Dragon-shaped green concrete structure

The Merritt Island Dragon or Merrit Island River Dragon was a dragon-shaped green concrete structure that stood at the southern tip of Merritt Island, Florida, known as Dragon Point, where the Indian River Lagoon splits to form the Banana River Lagoon. The dragon was built in 1971 by Florida artist Lewis VanDercar and property owner Aynn Christal. In 1981, the statue was expanded for new property owner Warren McFadden, with the addition of a tail, an extended neck, two cavepeople - a caveman named Fred and a cavewoman named Wilma, and four hatchling dragons named Joy, Sunshine, Charity, and Freedom. The statues were located between the cities of Melbourne and Indian Harbour Beach, Florida, north of the Eau Gallie Causeway.

The dragon was created from 20 ST of concrete and steel, and stood 35 ft high and 65 ft long. Known as "Annie", the dragon served as a landmark for both locals and boaters, and also as a playhouse for children. On special occasions, the dragon would breathe fire. The idea for the sculpture was inspired by the American Indian legend which held that seeing a dragon rising from the mist where the Banana and Indian Rivers met was a sign of good fortune.

In August 2002, the sculpture was badly damaged, and partially collapsed into the water during a storm; vandalism was blamed for contributing to the destruction of the statue.

==Restoration==
The owner and the Brevard County Commissioners were unable to agree on a rehabilitation effort; there was a plan in 2004 to reconstruct the sculpture, while in 2008, a developer planned a luxury hotel and spa on the Dragon Point site with a reconstructed dragon statue as its centerpiece, but both plans fell through.
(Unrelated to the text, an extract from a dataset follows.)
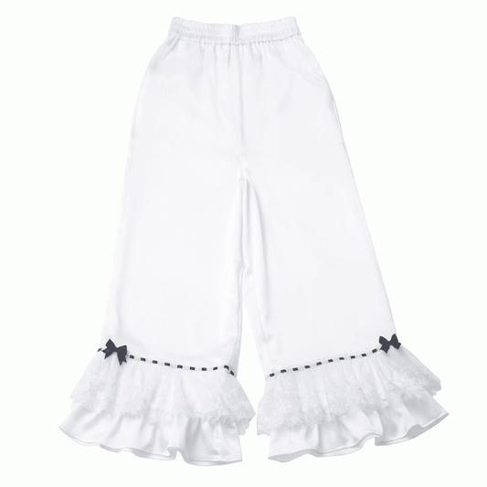 Weiße Freizeithose mit elastischer Taille und Schleife, gestuften Rüschenbündchen

Save Dragon Point, an organization dedicated to rebuilding the dragon statue, was founded in May 2012. In August, the mansion on the property where the dragon had stood was scheduled to be demolished and the property sold. Save Dragon Point changed its name to Annie and Kids Arts and Education Foundation.

In January 2015, Don Facciobene, local builder and developer, bought the property; he announced that a new dragon named "Rojak" would be built. According to the story of Dragon Point, Rojak was Annie's fifth hatchling who was kept hidden. An inaugural Dragon Boat Festival was planned for June 13, 2015, with proceeds intended to benefit Save Dragon Point.

In April 2015, a plan was announced to build Rojak by 2018. Demolition work began at Dragon Point in March of 2017, clearing room for a future multi-million dollar riverfront mansion and Rojak; however neither the mansion nor Rojak was built, and the site remained vacant. On December 27, 2025, the 0.86-acre property at 11680 Point Drive was relisted for sale at $4.5 million; build-to-suit options of $7 million (mansion only) and $8 million (mansion plus a new dragon sculpture of the buyer's choosing) were also offered. The southern tip of Merritt Island continues to be labeled "Dragon Point" on National Oceanic and Atmospheric Administration navigational charts.

==In popular culture==
A children's book about the dragon, River Dragon: A Real Florida Fairy Tale, was published in 2003.